State chunking: Gross charges are chunked by state (7 chunks) for parallel processing. The union step reassembles all states.
Komodo Claims Data
Real-world claims data providing allowed amounts, utilization counts, and GLOS estimates at multiple geographic levels.
Data types:
- Allowed amounts — What insurers actually paid per claim. Available at NPI×Payer, ZIP3×Payer, State, and National levels. →
claims_benchmarks_allowables_* - Utilization — How often codes are billed: total claims, unique patients per provider/code. At NPI, State, National levels. →
claims_benchmarks_utilization_* - GLOS Estimates — Geometric mean length of stay from claims data. Used for per-diem transformation validation. →
claims_benchmarks_glos_*
Fallback hierarchy:
| Level | Specificity | Use Case |
|---|---|---|
| NPI × Payer | Most specific | Provider-specific allowed amounts per payer channel |
| ZIP3 × Payer | Geographic | Local area benchmarks by payer type |
| State | Broad | State-wide benchmarks |
| National | Last resort | National average when no local data |
This NPI → ZIP3 → State → National fallback pattern is used throughout the pipeline for any claims-derived signal.
Combined Raw
All four raw sources are LEFT JOINed onto the Rate Object Space into one wide table. Most ROIDs have NULL rates here — they become imputation candidates in the next phases.
LEFT JOIN Semantics
tmp_int_combined_raw starts from the Rate Object Space (all ROIDs) and LEFT JOINs each source. This means:
- Every ROID appears — even those with no rate from any source.
- Source-specific columns are NULL for ROIDs not covered by that source.
- The row count equals the ROS row count (not the number of rates found).
This LEFT JOIN design is what allows downstream phases (Transformations, Imputations, Accuracy) to join by ROID and know they are covering every pricing question, not just the ones with raw data.
Wide Table Structure
The table is wide: each source contributes separate columns by method, so no source overwrites another. Partitioned by payer_id, network_type, bill_type.

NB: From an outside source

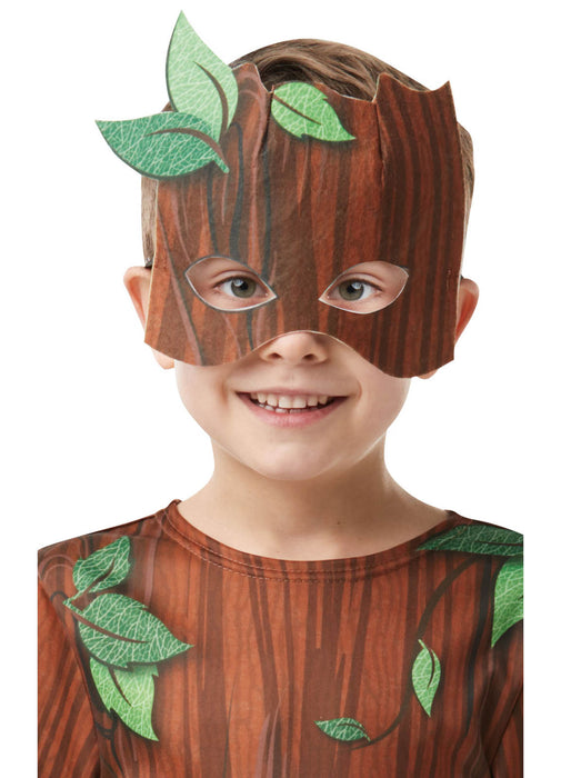 Child's Twig Boy costume consisting of printed jumpsuit with elastic face mask.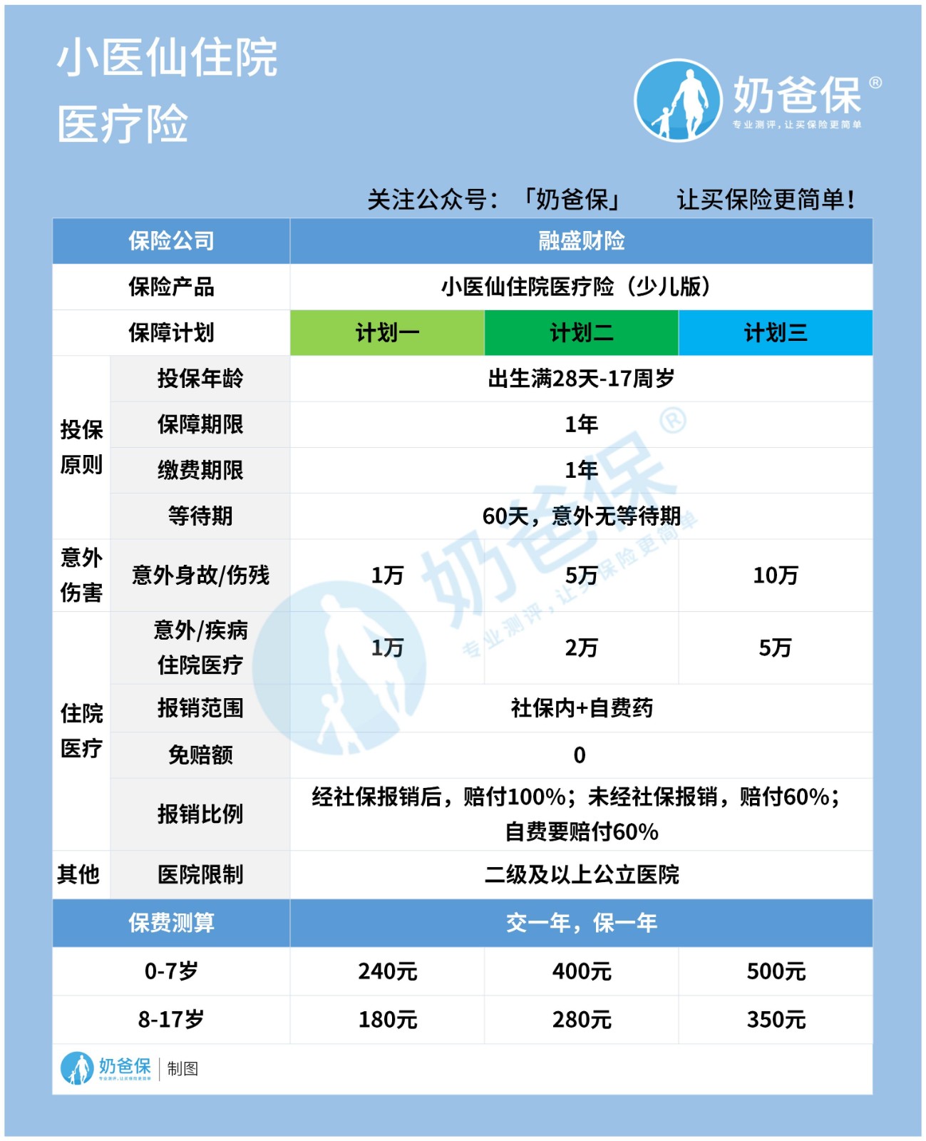 为了让大家直观了解小医仙住院医疗险少儿版的保障内容,奶爸特意做了一张基本信息表,我们一起来看。

| Column group | Examples | From |
|---|---|---|
Payer MRF by negotiated_type | payer_negotiated_rate, payer_fee_schedule_rate, payer_percentage_rate, payer_per_diem_rate, payer_derived_rate | tmp_raw_mrf_payer_rates |
Hospital MRF by contract_methodology × amount type | hospital_fee_schedule_dollar, hospital_pct_of_total_billed_charges_pct, hospital_per_diem_rate, hospital_case_rate_dollar, hospital_*_allowed_amount | tmp_raw_mrf_hospital_rates |
| Gross charges (6 levels) | mrf_gross_charge_provider, mrf_gross_charge_cbsa_median, mrf_gross_charge_state_median, komodo_gross_charge_provider, komodo_gross_charge_cbsa_median, komodo_gross_charge_state_median | tmp_raw_gross_charges |
| Komodo benchmarks | komodo_allowed_npi, komodo_allowed_zip3, komodo_allowed_state, komodo_allowed_national, komodo_utilization_npi | tmp_raw_komodo_allowables |
What happens next: Transformations converts percentage/per-diem columns into dollar values. Benchmarks compute Medicare reference rates. Imputations fill ROIDs where all payer and hospital columns are NULL. Accuracy scoring evaluates each non-NULL value. Rate Selection picks one canonical rate per ROID from all these layers.